Hewitt Associates will acquire Ennis Knupp & Associates, creating a global investment consulting heavyweight with nearly $3 trillion in assets under advisement, according to executives from both firms.
Terms of the deal were not disclosed.
The combined investment consulting business will be called Hewitt Ennis Knupp.
The move marks Hewitt’s second involvement in industry consolidation in just over a week. On July 12, executives from Hewitt and Aon Corp. announced that Aon will buy Hewitt for $4.9 billion in cash and stock.
“We’ve been looking for some time to grow our capabilities around the world, especially in the U.S.,” and Ennis Knupp was just a “wonderful fit for our firm,” Ari Jacobs, North American retirement strategy and solutions leader for Hewitt said in an interview.
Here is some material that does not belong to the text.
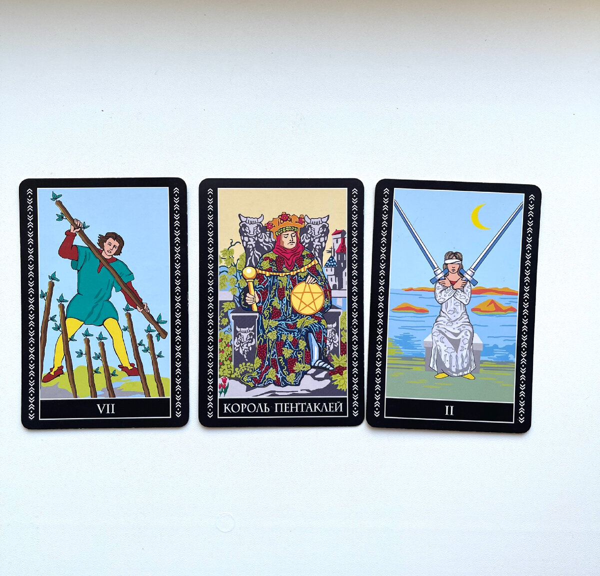 Здравствуй, дорогой читатель. Новогодние праздники подошли к концу, впереди новая рабочая неделя. Предлагаю посмотреть, какой она будет. 7 жезлов - Король пентаклей - 2 мечей. На этой неделе будьте готовы отстаивать свои интересы и желания. Возможны споры или небольшие конфликты. Но перед оппонентами у вас будет преимущество. Даже, если вы его не замечаете, есть все шансы выйти из этих споров победителем. Будьте готовы, что недоброжелатели попробуют оспорить какое-то дело, где вы уже смогли преуспеть. Не сомневайтесь в своих способностях. Будьте решительны и поступайте добросовестно. Успех не за горами. Самое время заглянуть внутрь себя и преодолеть свои внутренние конфликты. В рабочих моментах хороший прогноз для индивидуальных проектов. Сможете проявить не только свои индивидуальные профессиональные навыки, но и задать хорошую базу для дальнейшего развития. Главное, быть верным своим принципам. Хороший период для сделок с недвижимостью. Если планировали приобретение - действуйте.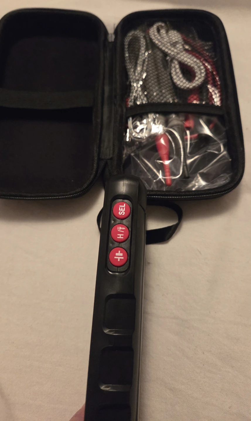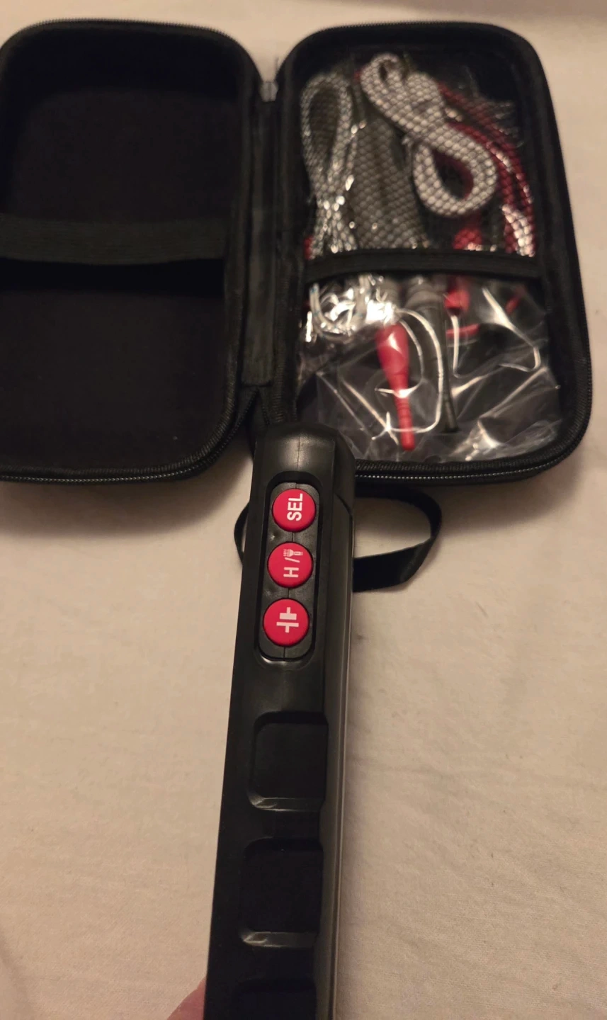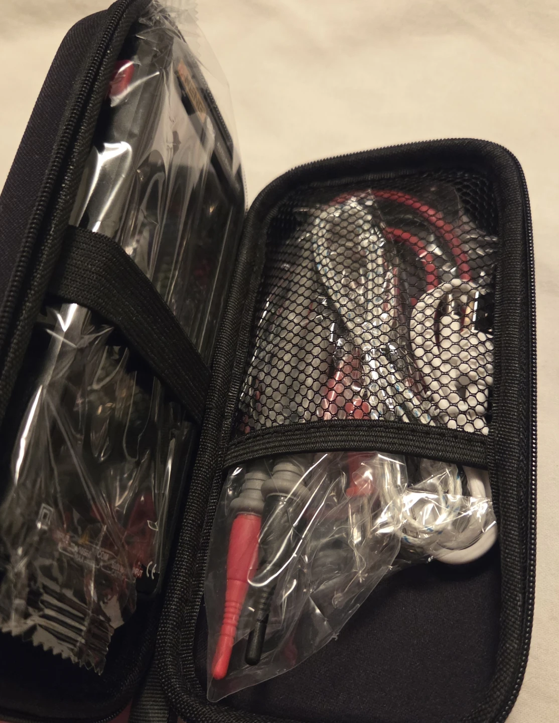This is an ANENG 682 digital multimeter. It's a compact unit with test leads, a USB charging cable, and a carrying case included. The device features auto power off.

In a separate interview, Stephen Cummings, Ennis Knupp’s president and CEO, likewise said Hewitt was a perfect fit with his long-term plans for Ennis Knupp’s business.
Richard Ennis, a leading figure in the investment consulting industry who helped found Ennis Knupp 29 years ago, will retire, Mr. Jacobs said.
Mr. Cummings said that more than two years ago, he laid out “a pretty aggressive long-term vision” for Ennis Knupp’s board, with the goal of transforming a U.S.-focused firm into a “leading global provider of investment consulting services.”
Pensions & Investments’ latest investment consulting industry survey showed Hewitt ranking sixth in terms of worldwide institutional assets under advisement, with $950 billion as of June 30, 2009, but only 15th in terms of U.S. institutional tax-exempt advisory assets, with $151 billion.
By contrast, Ennis Knupp’s $970 billion in U.S.-only institutional tax-exempt assets was third in the U.S. rankings and fifth place for the worldwide rankings.
Now, Ennis Knupp’s assets under advisement have doubled to $2 trillion, buoyed by market gains, advisory work for government-related entities and a number of sizable new clients— including the $82.5 billion New York State Teachers’ Retirement System, Albany, and the $44.2 billion Massachusetts Pension Reserves Investment Management Board, Boston.
Mr. Cummings, who will be the CEO of Hewitt Ennis Knupp, said the synergies between the two firms extend beyond the U.S.-international combination. Ennis Knupp has spent the past five years developing expertise in alternatives areas, including private equity, real estate and hedge funds, with capacity to serve more clients in those areas. Hewitt hasn’t built up its capabilities to the same extent and has a number of clients looking for more advice, he noted.
Meanwhile, Hewitt has a suite of sophisticated pension risk management services, as well as a global research capability and a “delegated consulting” business — two areas Ennis Knupp was dedicated to building in the future, Mr. Cummings said.
Mr. Cummings will report to Mary Moreland, Hewitt’s North American retirement and investment consulting leader. Other senior executives, including Bradley Smith, the leader of Hewitt Investment Group, will serve as principals, reporting into Mr. Cummings.
Mr. Jacobs said there are no plans to reduce staff, outside of a few overlapping support roles. He said Ennis Knupp’s 42 equity holders unanimously agreed to be bought out.
In an e-mailed response to questions, Aon spokesman David Prosperi said the Hewitt-Ennis deal won’t affect the details of his company’s offer to Hewitt shareholders of $25.61 in cash and 0.6362 of a newly issued Aon share for each Hewitt share. “We were aware of this (Hewitt-Ennis Knupp) agreement as part of our due diligence,” he said.